Pada bagian kedua tulisan ini, telah digambarkan sepintas bahwa ketika eksistensi kami sebagai pemuda gereja dipertanyakan, disanksikan dan digugat, lantaran kami justru berkontribusi dalam merusak lingkungan. Dari proses otokritik itu, kami berupaya mengambil langkah proaktif untuk “keluar dari ‘lubang kubur’ yang kami gali sendiri” karena memperlakukan lingkungan tanpa moral serta lahirnya penyesalan mendalam atas perbuatan tersebut. Kemudian, sikap proaktif itu coba diekspresikan melalui apa yang kami sebut sebagai Green Valentine.

Pada bagian ketiga, saya ingin menyinggung tentang konsep dan praktik manusia modern dalam mengembangkan Iptek  yang sangat berorientasi pada kepentingannya, khususnya kepentingan ekonomi. Orientasi demikian, telah berdampak pada rusaknya lingkungan.
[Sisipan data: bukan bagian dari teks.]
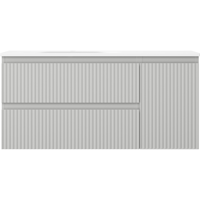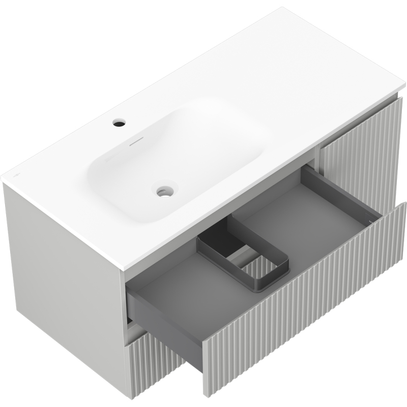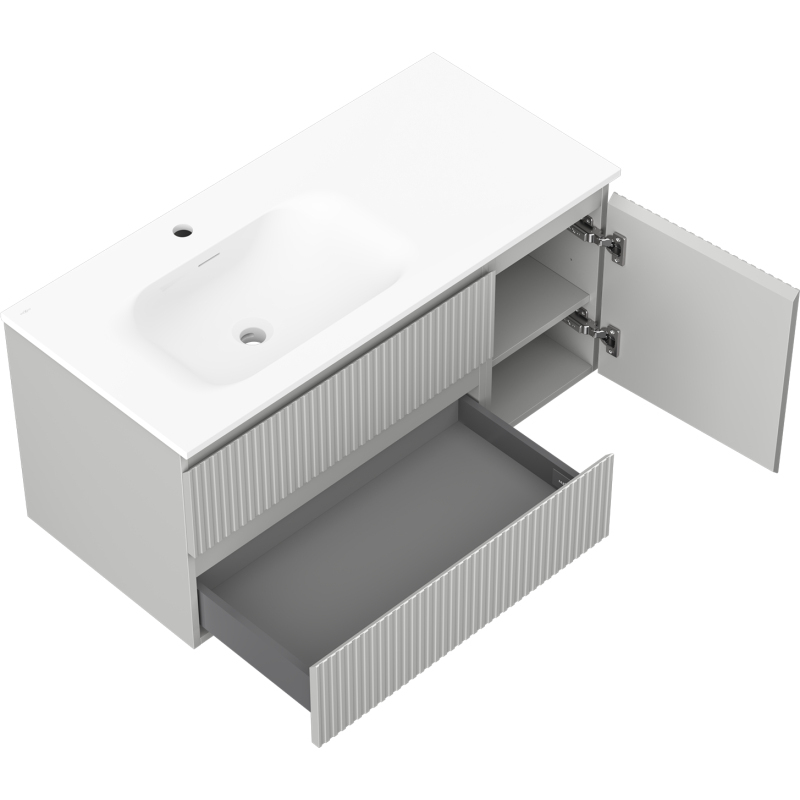 Mexen Rivel kúpeľňová skrinka 100 cm s umývadlom Vela ľavým, 2S, 1D, drážkovaná, matná šedá/matná biela - 91A23-10047-3-BBFFF62-W23L01
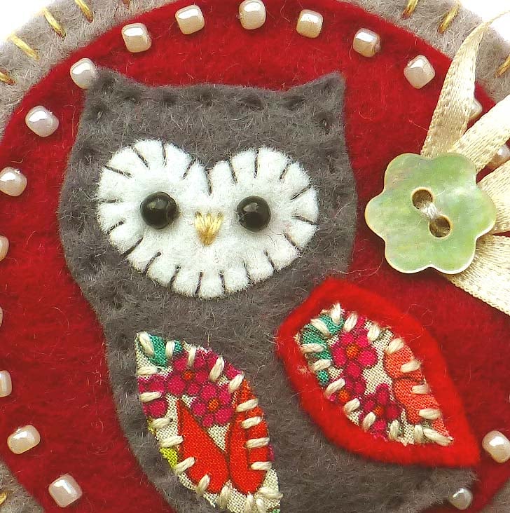 This is a gorgeous handmade, hand stitched owl brooch.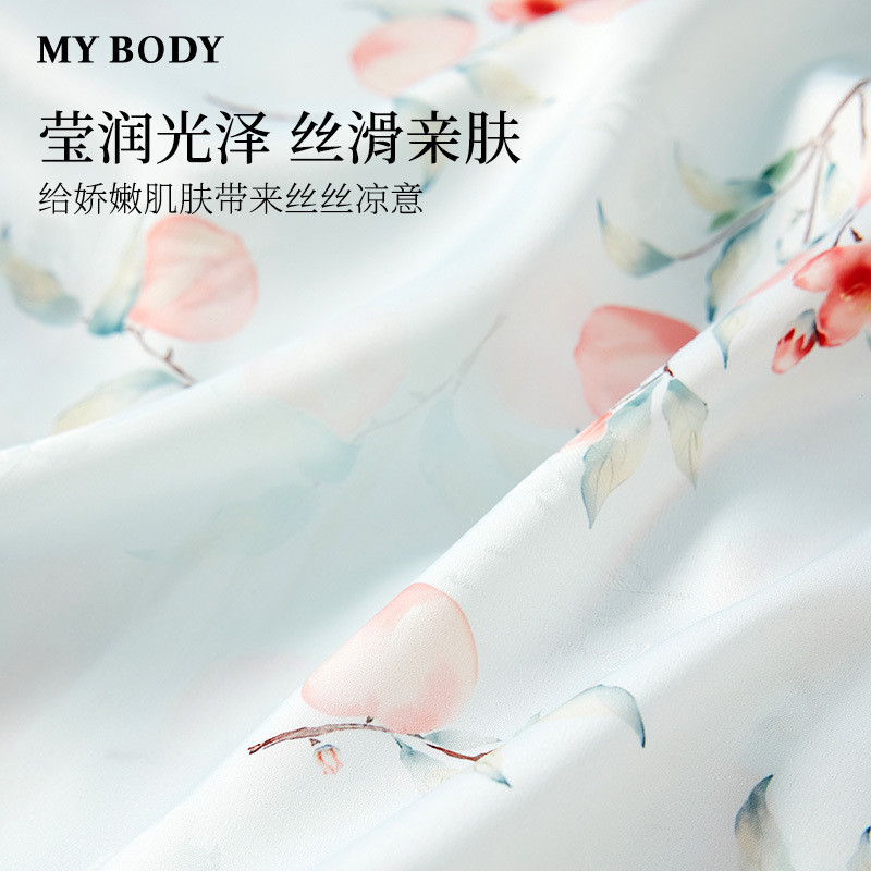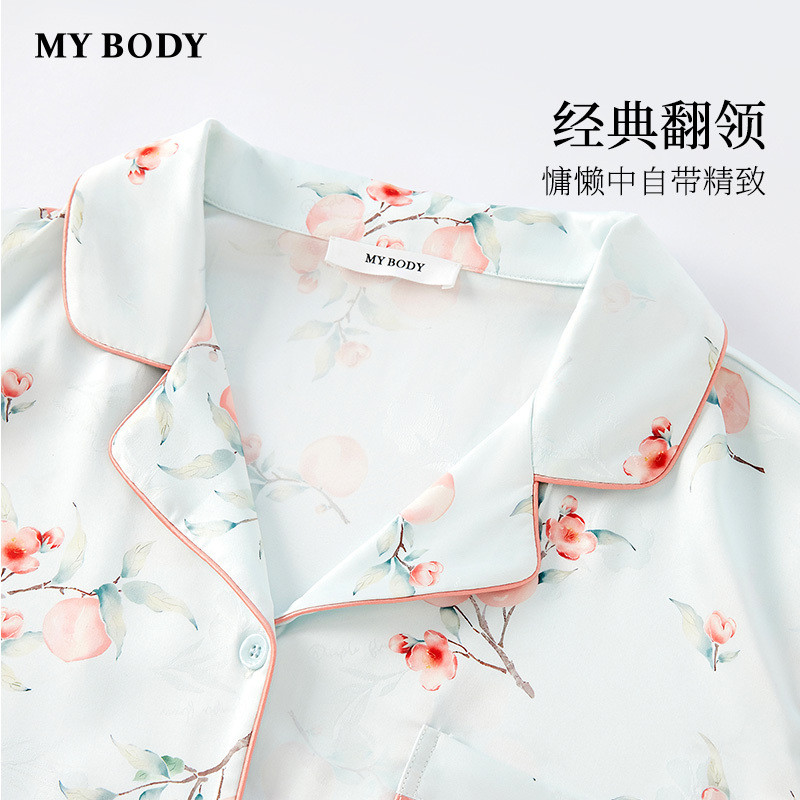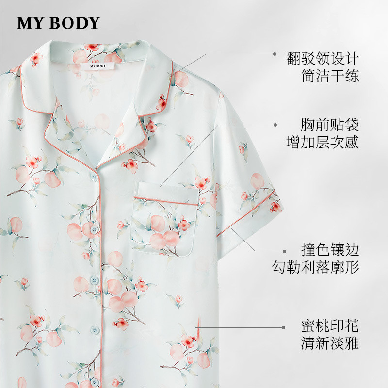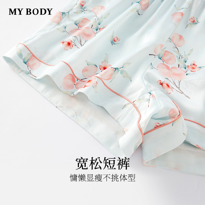 MYBODY商场同款睡衣套装女宽松凉感丝滑印花短袖短裤可外穿家居服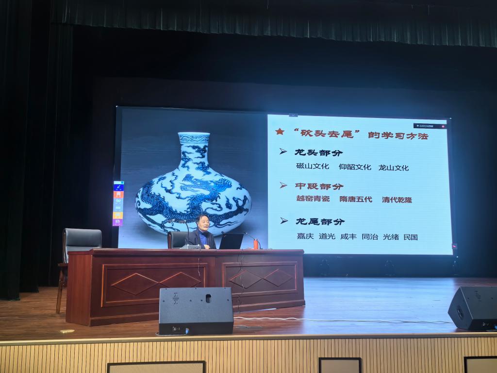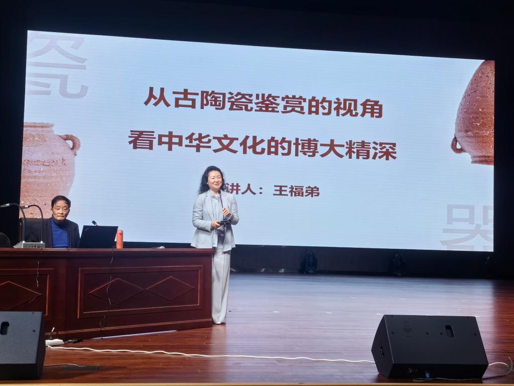 王福弟老师以“从古陶瓷鉴赏的视角,看中华文化的博大精深”为题,围绕“为什么要研究中国古陶瓷文化”“古陶瓷文化的种类”“怎样研究中国古陶瓷文化”三部分结合具体实物展开详细叙述。

Manusia dan sisitim yang dibangunnya itu adalah subjek yang paling bertanggung jawab terhadap krisis ini. Karenanya, ia pula yang harus memperbaikinya. Dari pembahasan singkat tersebut, saya coba mendaratkan tawaran projek solidaritas penyelamatan lingkungan kepada kawan-kawan.  

Kedangkalan Paradigmatik

Pandangan berat sebelah sekaligus kesalahan besar dalam pengkembangan Iptek, dalam kaitannya dengan hubungan manusia dengan lingkungan adalah “manusia ditempatkan lebih utama dan tinggi dari lingkungan.” Hubungan antroposentris tersebut justru telah mendorong manusia menciptakan bencana tak berujung karena lingkungan dilihat sekadar materi atau bernilai ekonomi.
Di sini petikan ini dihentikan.